Guide to Patagonia's Monsters & Mysterious beings

I have written a book on this intriguing subject which has just been published.
In this blog I will post excerpts and other interesting texts on this fascinating subject.

Austin Whittall

Wednesday, May 1, 2019

High altitude dwelling Denisovans: Tibet 160K years ago

A paper published today in Nature (Chen, Fahu et al., A late Middle Pleistocene Denisovan mandible from the Tibetan Plateau, doi 10.1038/s41586-019-1139-x ), identifies a lower jaw from a cave in Xiahe, China as belonging to a Densiovan, and dates it as 160,000 years old.

The abstract says:

"Denisovans are members of a hominin group who are currently only known directly from fragmentary fossils, the genomes of which have been studied from a single site, Denisova Cave in Siberia.

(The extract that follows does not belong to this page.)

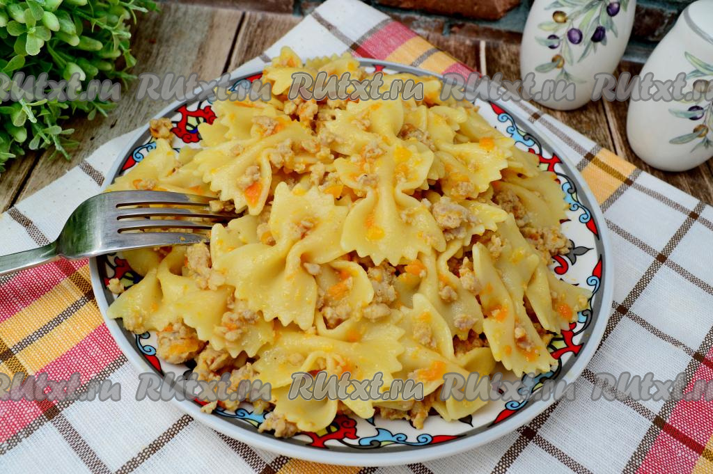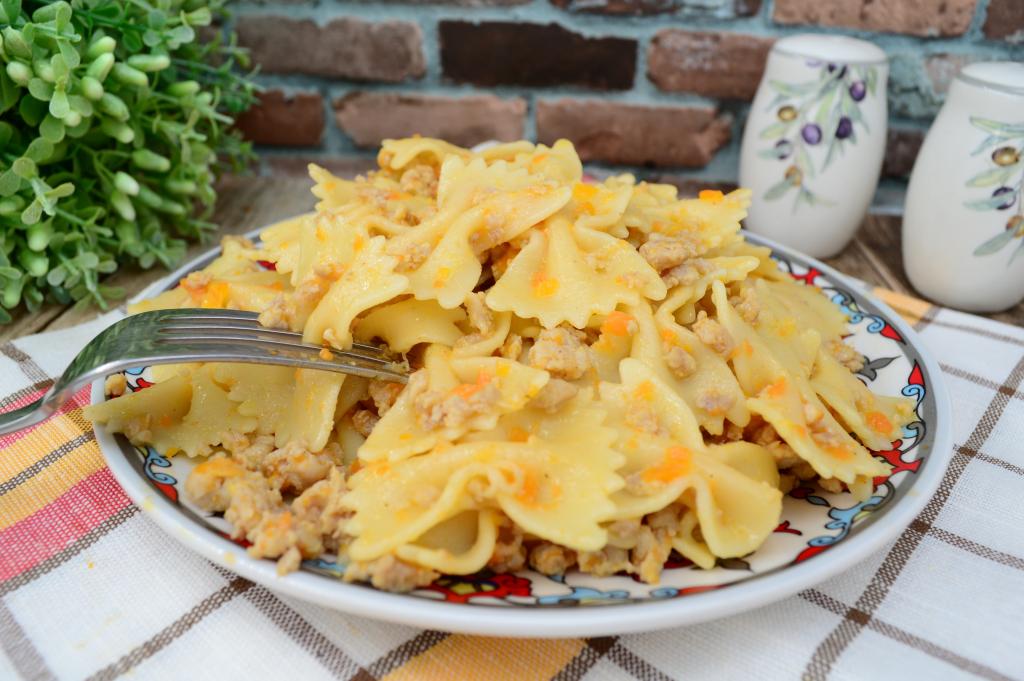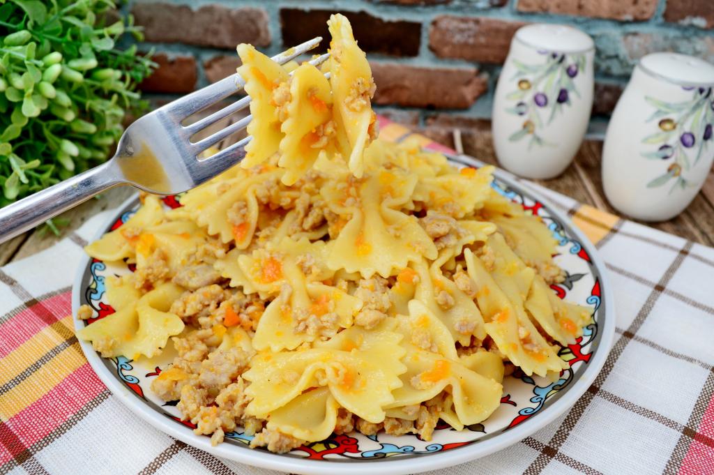 Хочу поделиться многократно проверенным рецептом приготовления макарон по-флотски с куриным фаршем. Блюдо получается сочным, аппетитным и очень вкусным, его можно подать к столу в качестве полноценного обеда или ужина. Макароны подойдут любой формы. Я взяла "бабочки", можно использовать перья, ракушки и так далее. Для получения фарша отлично подойдёт мясо, взятое с любых частей курицы. Но если времени мало, можно использовать покупной фарш. Всем советую приготовить макароны по-флотски по этому простому рецепту и в очередной раз убедиться в том, насколько вкусными, аппетитными и сытными могут быть блюда из вполне доступных продуктов!

They are also known indirectly from their genetic legacy through gene flow into several low-altitude East Asian populations and high-altitude modern Tibetans6. The lack of morphologically informative Denisovan fossils hinders our ability to connect geographically and temporally dispersed fossil hominins from Asia and to understand in a coherent manner their relation to recent Asian populations. This includes understanding the genetic adaptation of humans to the high-altitude Tibetan Plateau, which was inherited from the Denisovans. Here we report a Denisovan mandible, identified by ancient protein analysis, found on the Tibetan Plateau in Baishiya Karst Cave, Xiahe, Gansu, China. We determine the mandible to be at least 160 thousand years old through U-series dating of an adhering carbonate matrix. The Xiahe specimen provides direct evidence of the Denisovans outside the Altai Mountains and its analysis unique insights into Denisovan mandibular and dental morphology. Our results indicate that archaic hominins occupied the Tibetan Plateau in the Middle Pleistocene epoch and successfully adapted to high-altitude hypoxic environments long before the regional arrival of modern Homo sapiens.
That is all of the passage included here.